**Data for this task**
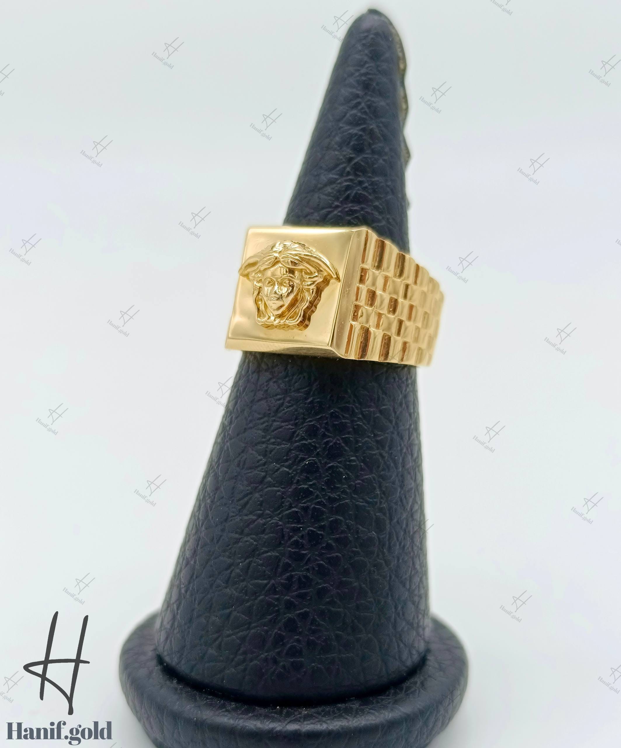 انگشتر طلای مردانه زرد آیینهای ورساچه ،رکاب طرح رولکس
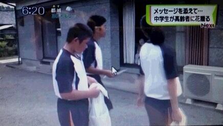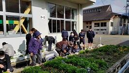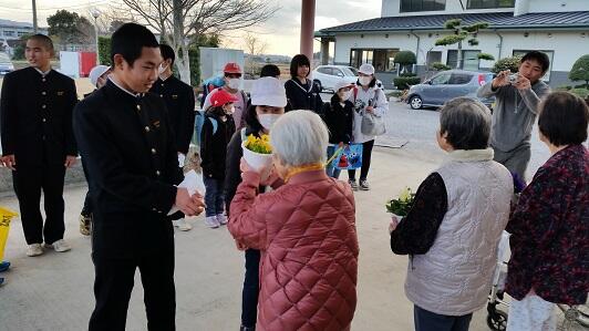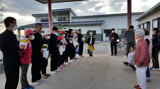 小中学生が、「花配り活動」をとおして、自分たちが栽培した花を高齢者に届け、地域の高齢者とのふれあいを行いました。(T)
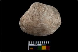 | Description / विवरण | Specimen of a large bivalve marine shell with ground edge. Probably used as spoon. |
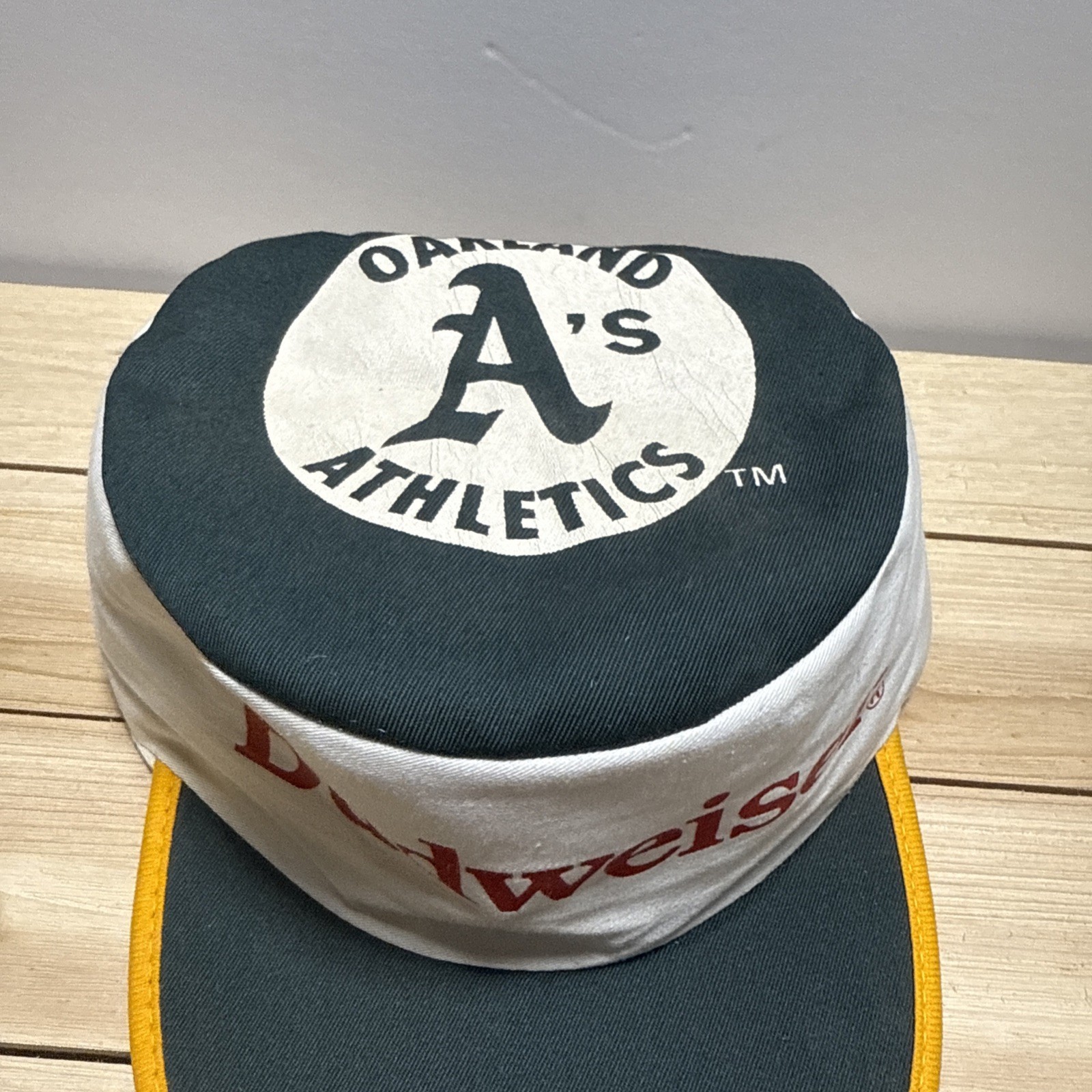 Vintage Budweiser Beer Painters Hat 1980’s Flex Adjustable Oakland A’s Cap
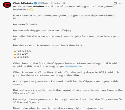 美媒Clutchpoints寫道:36歲的哈登依舊是籃球界最頂尖的後衛之一,本賽季的哈登場均25.6分8.1助攻4.9籃板,當他在場時快船進攻效率達到117.9排在聯盟第六,而當哈登下場時快船進攻效率下滑到103.1聯盟倒數之一,哈登在場/不在場進攻效率差值高達14.8。
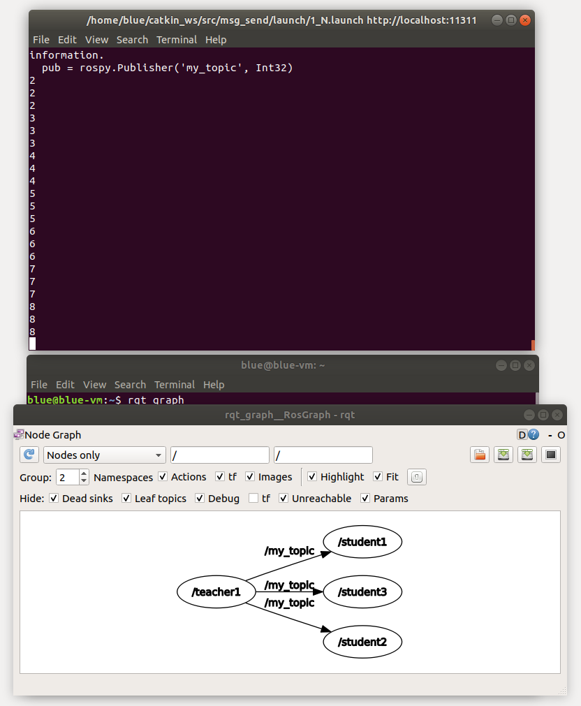 <launch> <node pkg="msg_send" type="teacher_int.py" name="teacher1"/> <node pkg="msg_send" type="student_int.py" name="student1" output="screen"/> <node pkg="msg_send" type="student_int.py" name="student2" output="screen"/> <node pkg="msg_send" type="student_int.py" name="student3" output="screen"/> </launch>결과:
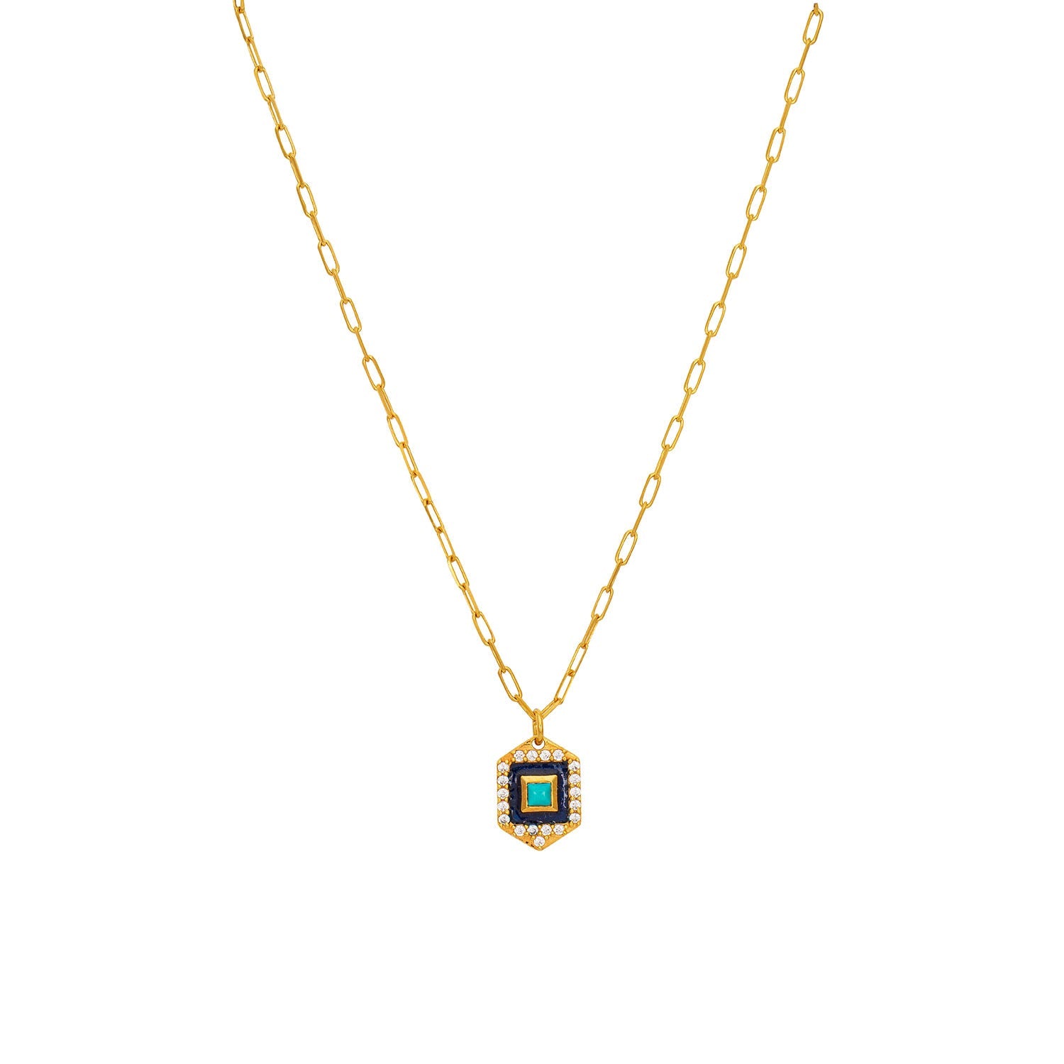 Blue gatsby necklace, a ball chain in brass base gilded with fine 18 carat gold 1 micron. A transparent rock crystal pendant in which we have inserted small shards of moonstone stones.
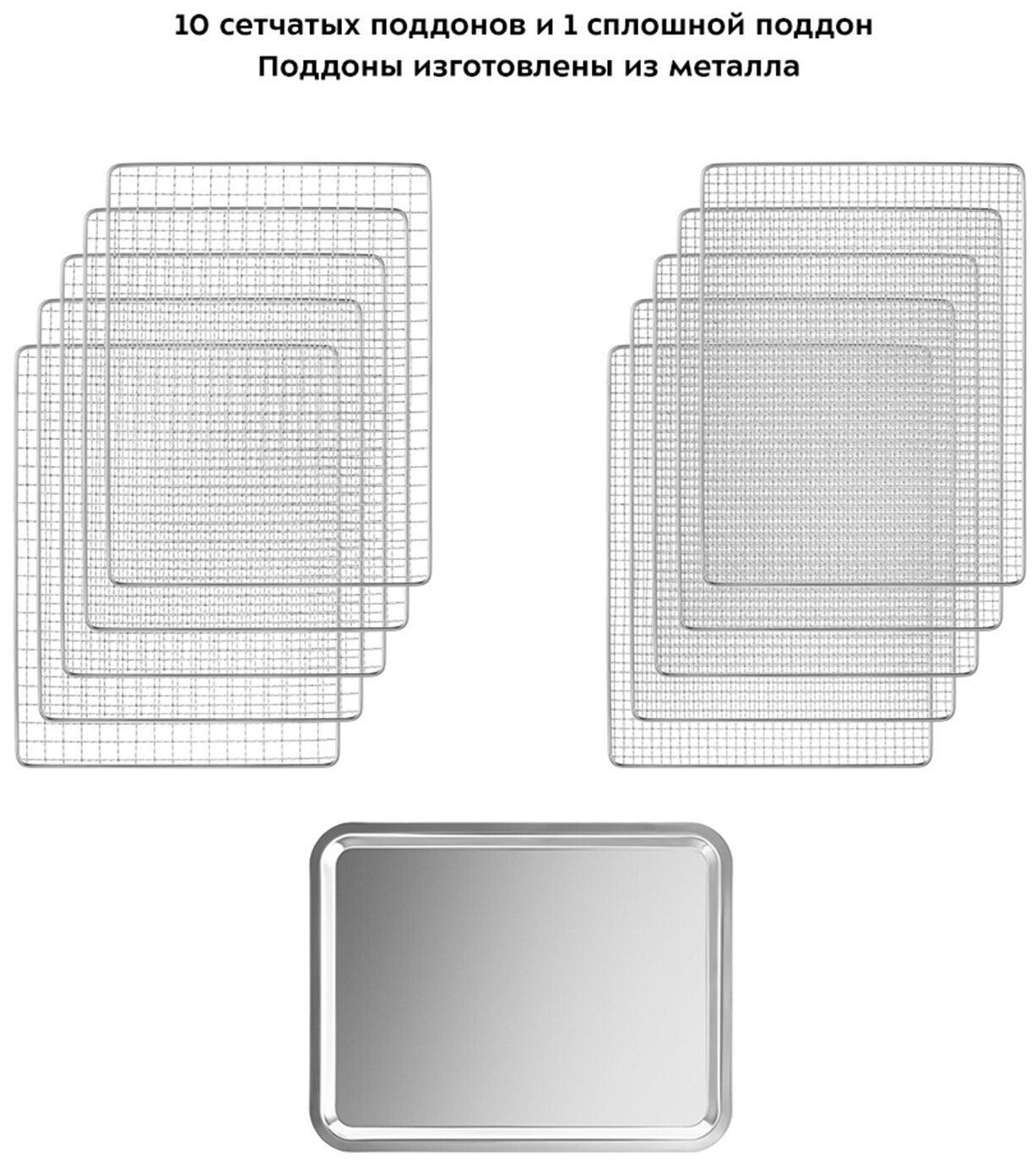 1. Сушилка с установленным фильтром и крышкой фильтра — 1 шт. 2. Поддон — 10 шт. 3. Сплошной поддон – 1 шт. 4. Шнур питания — 1 шт. 5. Руководство по эксплуатации – 1 шт. 6. Коллекционный магнит – 1 шт.* *опциональноЦвет
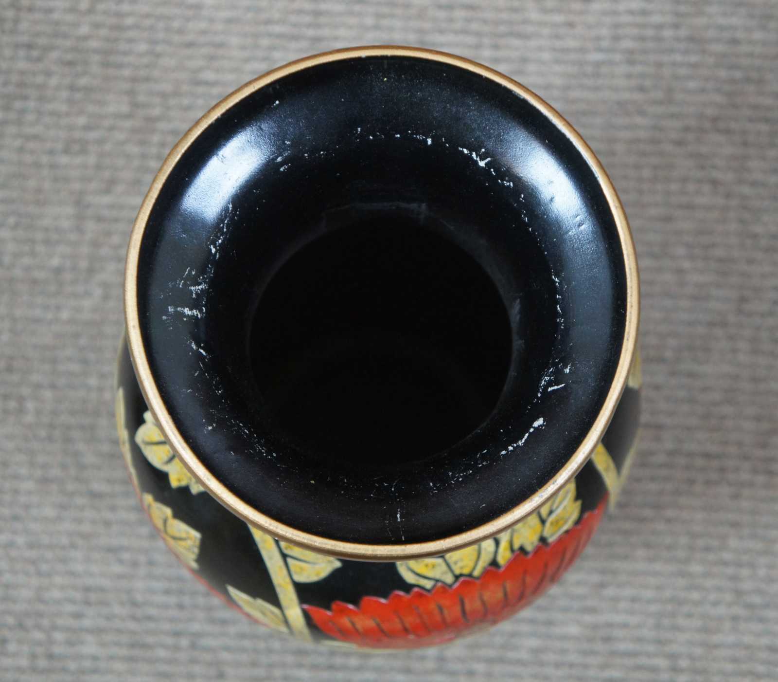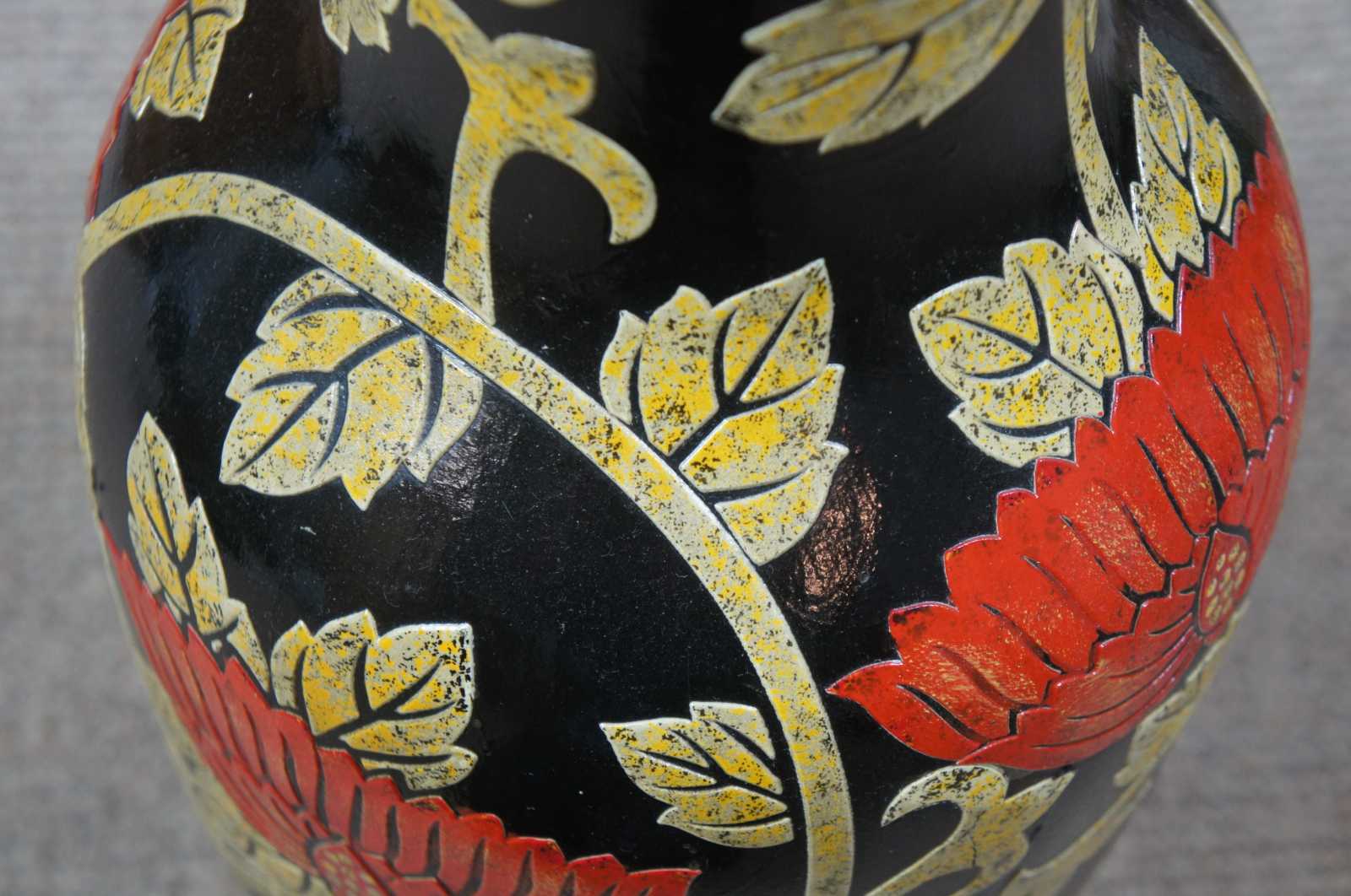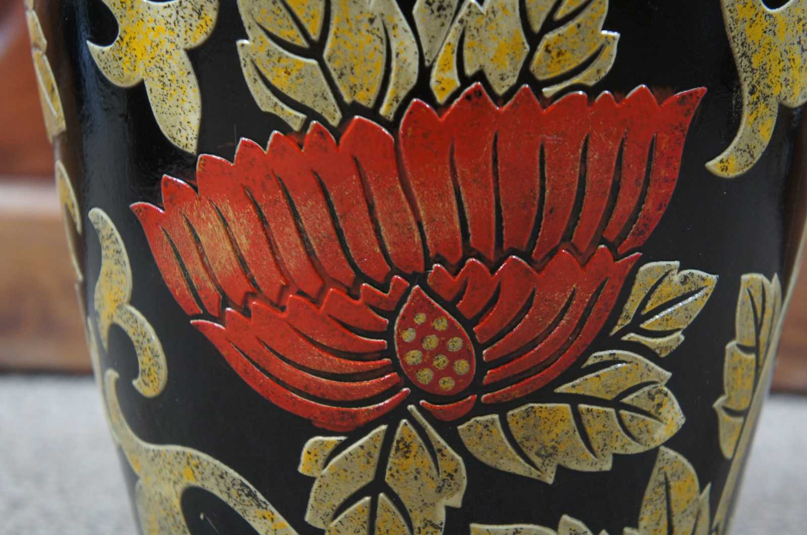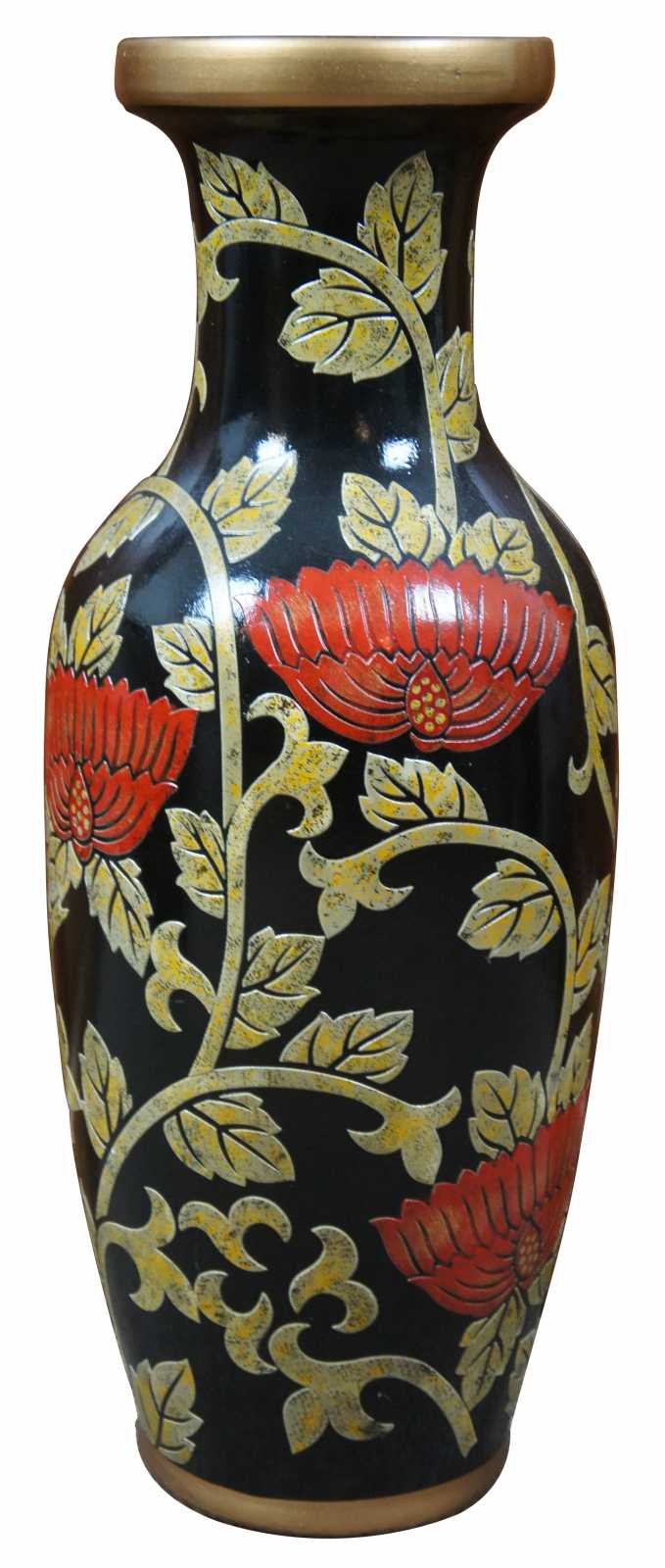 Vintage ceramic Asian floor vase featuring red flowers and yellow vines swirling over a black background.

**Exercise instructions**
In the records above, find the line with "美媒Clutchpoints". Print exactly from there through the line with "Blue gatsby necklace, a", minus the pictures.

**Task solution**
 美媒Clutchpoints寫道:36歲的哈登依舊是籃球界最頂尖的後衛之一,本賽季的哈登場均25.6分8.1助攻4.9籃板,當他在場時快船進攻效率達到117.9排在聯盟第六,而當哈登下場時快船進攻效率下滑到103.1聯盟倒數之一,哈登在場/不在場進攻效率差值高達14.8。
 <launch> <node pkg="msg_send" type="teacher_int.py" name="teacher1"/> <node pkg="msg_send" type="student_int.py" name="student1" output="screen"/> <node pkg="msg_send" type="student_int.py" name="student2" output="screen"/> <node pkg="msg_send" type="student_int.py" name="student3" output="screen"/> </launch>결과:
 Blue gatsby necklace, a ball chain in brass base gilded with fine 18 carat gold 1 micron. A transparent rock crystal pendant in which we have inserted small shards of moonstone stones.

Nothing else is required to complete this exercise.